The Carl Cherry Center’s next exhibition, You’d Be Prettier if You Smiled: Identity, Gender and Dissonance, opens Friday, October 19th, with an artists’ reception from 5:00 – 7:00 p.m. The event is free and open to the public.
For this exhibit, Gail Enns selected works by the Temple Sisters, Susan Abbott Martin, and Maria Porges that open an important conversation about the enduring struggle women face in contemporary society.
You’d Be Prettier if You Smiled, Identity, Gender and Dissonance furthers the dialog begun with The New Domestics, Finding Beauty in the Mundane, mounted recently at The Monterey Museum of Art.
“I believe that Jeanne d’Orge, founder of The Cherry Center for the Arts, would embrace both shows as continuing the spirit of the Feminists and their fight for the long sought recognition of women’s art as a viable part of the contemporary art world,” says Enns.
The exhibition will run in the gallery through November 30th, 2018.
Pictured, above: “You’d Be Prettier if You Smiled” – The Temple Sisters, mixed media on canvas, 40″x 60″
You’d Be Prettier if You Smiled: Identity, Gender and Dissonance provides insight into the tension between genders and the relative place of women in contemporary culture.
This show questions our culturally accepted norms of feminine expression by calling attention to the idea that stereotypes pervade our culture not only with words — such as chauvinistic labels like “hysterical” and “shrill” — but also with images and objects — such as lace on one hand, or saw blades on the other — that connote stereotypical ideas of feminine and masculine.
Marie Porges’ destroys and then reconstructs ancient Gothic books into tools, such as saw handles.
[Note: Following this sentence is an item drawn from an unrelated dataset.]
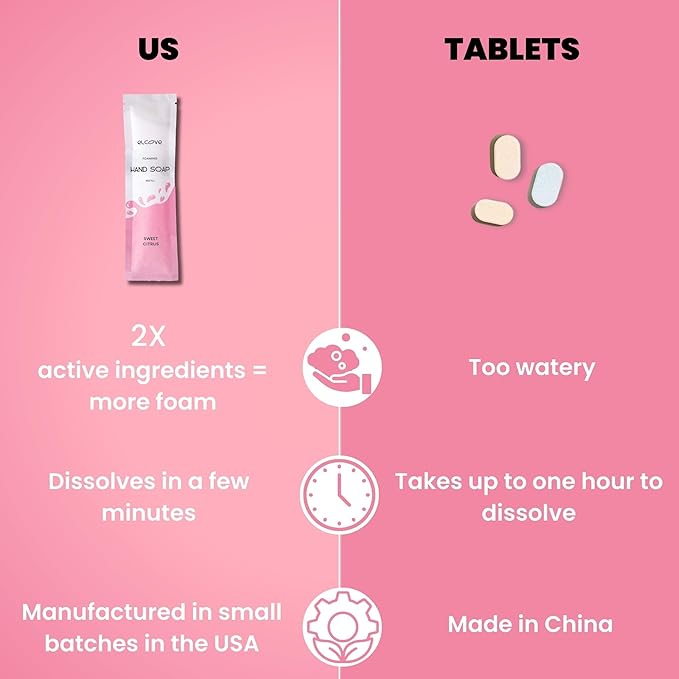 - NO MORE WATERY SOAP: Unlike foaming hand soap tablets that often feel thin and ineffective, our concentrated hand soap powder is packed with 2-3x more active ingredients. The result? A rich, creamy foam with every pump that actually feels like soap—leaving your hands clean, fresh, and moisturized every time.

Susan Abbot Martin creates hand-made doilies on saw blades; the friction between these two materials highlights the tension between genders. The Temple Sisters, Holly and Ashlee, deconstruct images of young women beaming with energy, but constricted by torn paper, notes and ephemera. However one chooses to interpret these works, it is clear that each artist skillfully grapples with the distillation and presentation of female stereotypes.
This exhibition continues the dialog begun recently at The Monterey Museum of Art with The New Domestics, Finding Beauty in the Mundane.
Jeanne d’Orge, Cherry Center founder, would embrace this show as continuing the feminist spirit of artists such as Miriam Schapiro, Jenny Holzer, Eva Hesse and Louise Bougeois who have all contributed to the long fought recognition of women’s art as a critical contribution to contemporary art.
– Gail Enns
About the Artists:
The Temple Sisters work in mixed media and generate large and small works on canvas and paper, as well as smaller three-dimensional assemblages. Their work reflects their fascination with the effects of time and memory upon iconography – personal, spiritual and cultural. Each piece created is meant to engage the viewer in questions of the temporal nature of the image(s), personal memory and the hidden stories that are re-imagined through age and displacement.
Holly Temple studied art and art history at the San Francisco Academy Art, San Francisco State University and at C.S.U. in Florence, Italy. She worked in New York for many years as an Art Director at Avon, Christian Dior, Estee Lauder, David Yurman, among others and currently runs her own freelance graphic design company in Carmel-by-the-Sea, California.
Ashlee Temple studied theatre at N.Y.U. and received her M.F.A. from the Yale School of Drama. She continues to work in theatre as a director and teacher in Stockton, CA.
Susan Abbott Martin received her MFA in 1981 from the California College of Arts and Crafts. Martin has exhibited at the Oakland Museum at City Center; Cuesta College in San Luis Obispo; San Francisco Museum of Modern Art Artist Gallery; and Dennos Museum at Northwestern Michigan State, Traverse City.
Her work has been reviewed in Art Forum, the SF Chronicle, Artweek, and the World Herald in Omaha, Nebraska. Martin has received numerous grants, awards and residencies, including two grants from the Pollock Krasner Foundation; the Lila Wallace Reader’s Digest International Artists Program at Monet’s garden in Giverny, France; the Bemis Foundation in Omaha, Nebraska; and Yaddo in Saratoga Springs, New York. She currently lives and works in Oakland, California.
Maria Porges is an artist and writer whose work has been exhibited widely in solo and group exhibitions since the late 1980s. She received a SECA award from the San Francisco Museum of Modern Art and has been in residence at the Headlands Center for the Arts twice.
A finalist for the Creative Capital/Warhol Foundation Art Writer’s Grant in 2014, her critical writing has appeared in many publications, including Artforum, Art in America, Sculpture, American Ceramics, Glass, New York Times Book Review, and a host of other now-defunct art magazines. She has also authored essays for over 100 exhibition catalogues and dozens of scripts for museum audio tours. Porges is an Associate Professor at California College of the Arts.